Tim Sullivan also tells of matches where drink had definitely been on the menu, and often arguments turned violent. Then there was the time when Capone shot himself in the foot after searching in his golf bag for one certain club. He accidentally set off a revolver in there. Sullivan also wrote about a game called ‘Blind Robin’. “One guy would stretch out flat on his back, shut his eyes tight, and let the others tee off from his chin. They used a putter and swung slow and careful. Otherwise they would have smashed the guy’s face. On the putting greens they’d throw down their pistol holders — clunk – and hold a wrestling match.” 

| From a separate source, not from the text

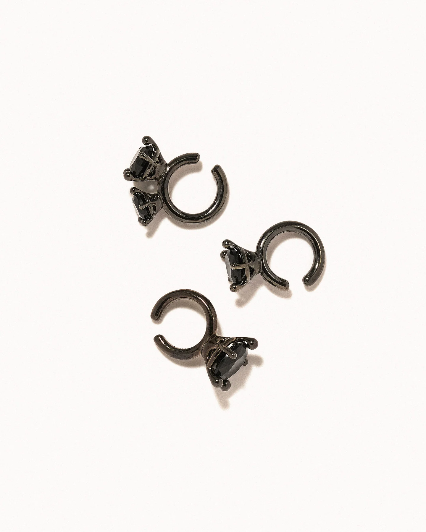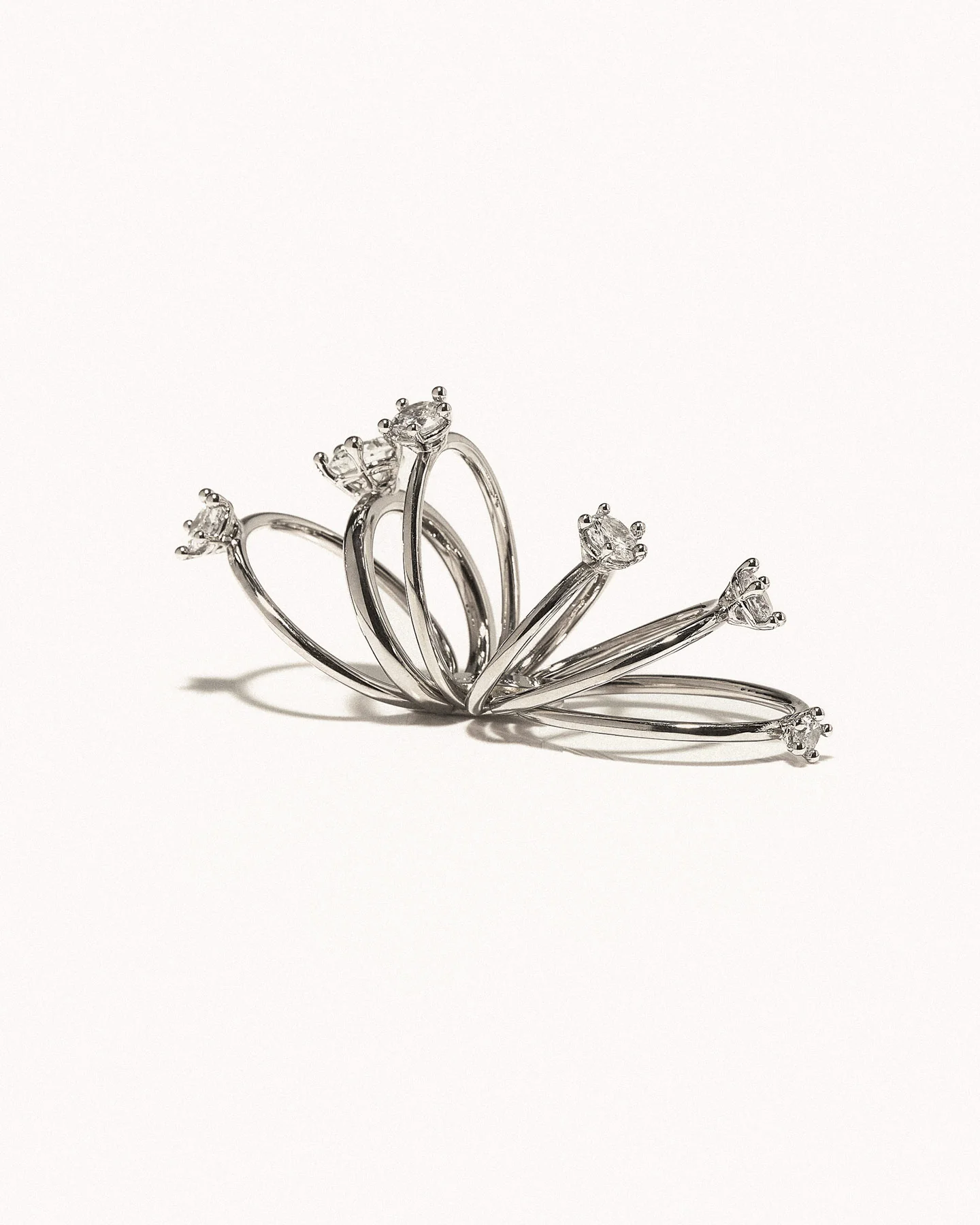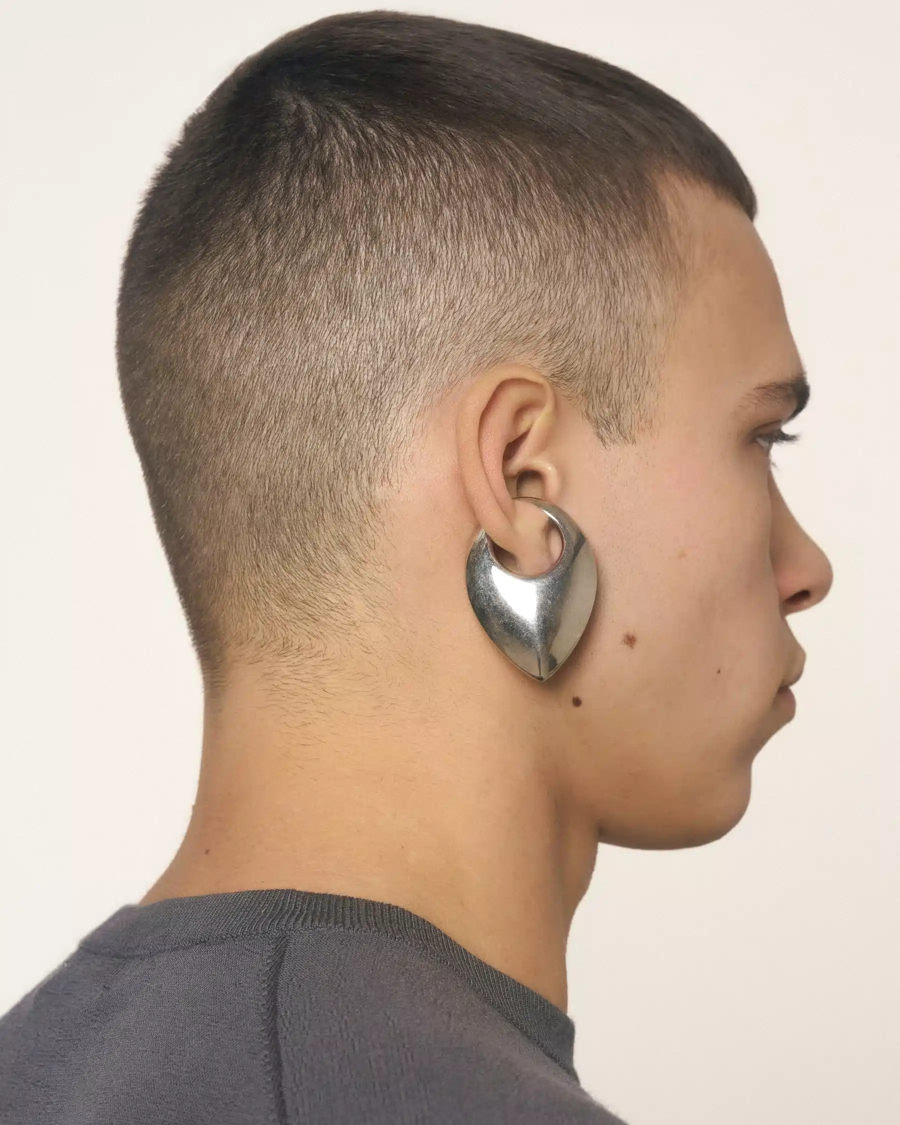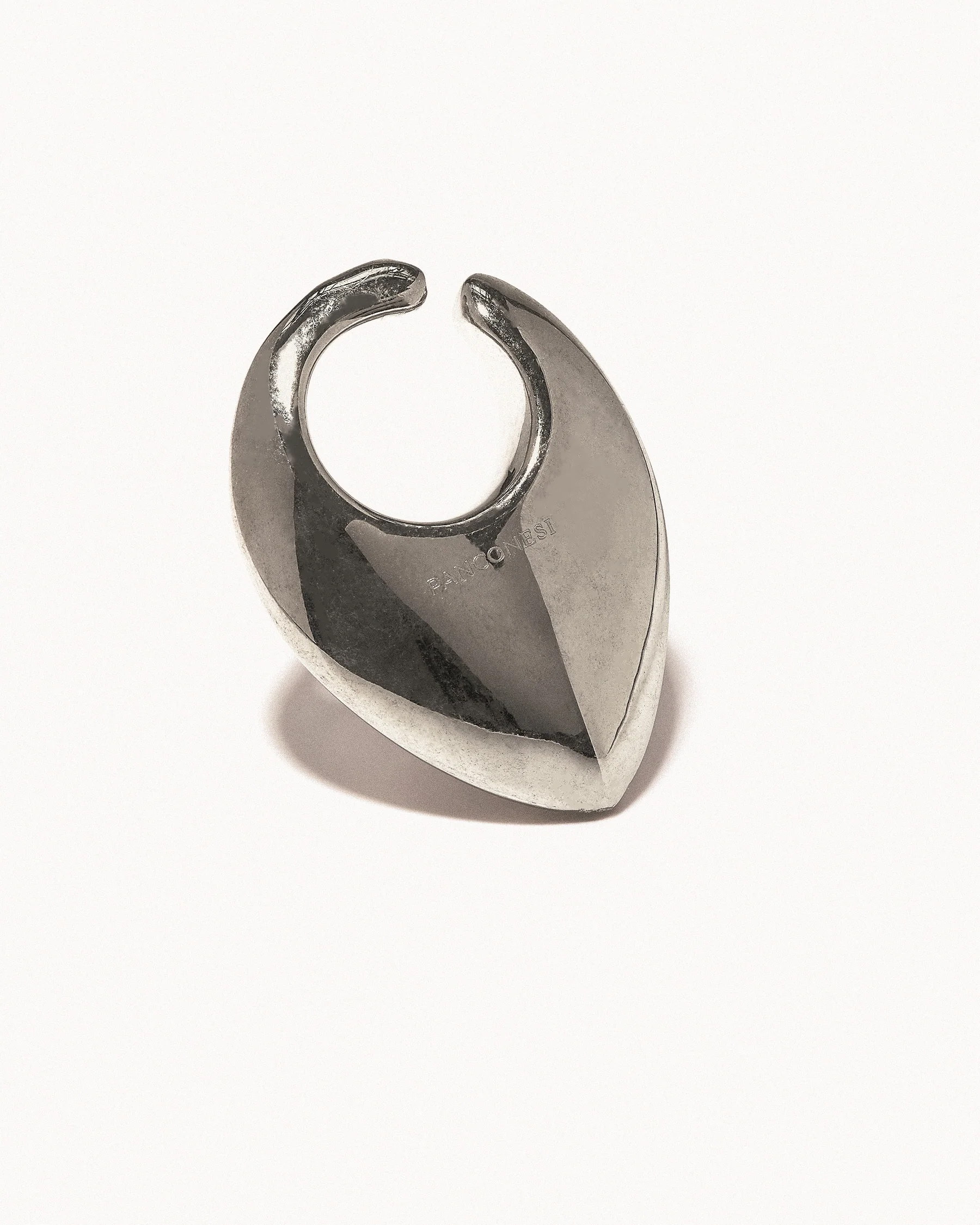 「Blow Up」シリーズをベースに展開される新シリーズ「Spada(スパーダ)」は、柔らかなカーブから鋭く尖ったエッジへと変化する造形美が特徴。シルバーのドロップイヤリングはシャープで大胆な存在感を放ち、イヤカフは日常使いにもぴったりなミニマルな佇まいを見せる。

Al Capone’s niece, Deirdre Marie Capone, also speaks of her uncle’s love of golf in her book ‘Uncle Al Capone: The Untold Story from Inside His Family’. According to Ms Capone, Al once escaped to Scotland using a fake name, and traveled with a caddie who was also serving as a bodyguard. He purchased a handmade set of golf clubs whilst in Scotland, and had his initials engraved on them. In an interview with the Daily Express newspaper, she said, “He was in love with the game and with Scotland. I remember seeing his bag of clubs in the house in Miami. He told me they’d been made for him in Scotland.” 

Back in Chicago, Capone and his gang ran the golf clubs through their rackets. Most country clubs were built and paid for by the elites of society and it was an unspoken rule that only the socially acceptables and the upper classes were allowed in. The clubs in Chicago had a unique structure – gangsters earned protection money from the country clubs and so had access to the golf courses. 

There’s no doubt that important discussions and decisions would have taken place on the green between Capone and his associates. It would’ve presented the perfect opportunity to get some space and privacy to discuss their particular brand of business…and have fun and maybe make a few bucks  while they do it.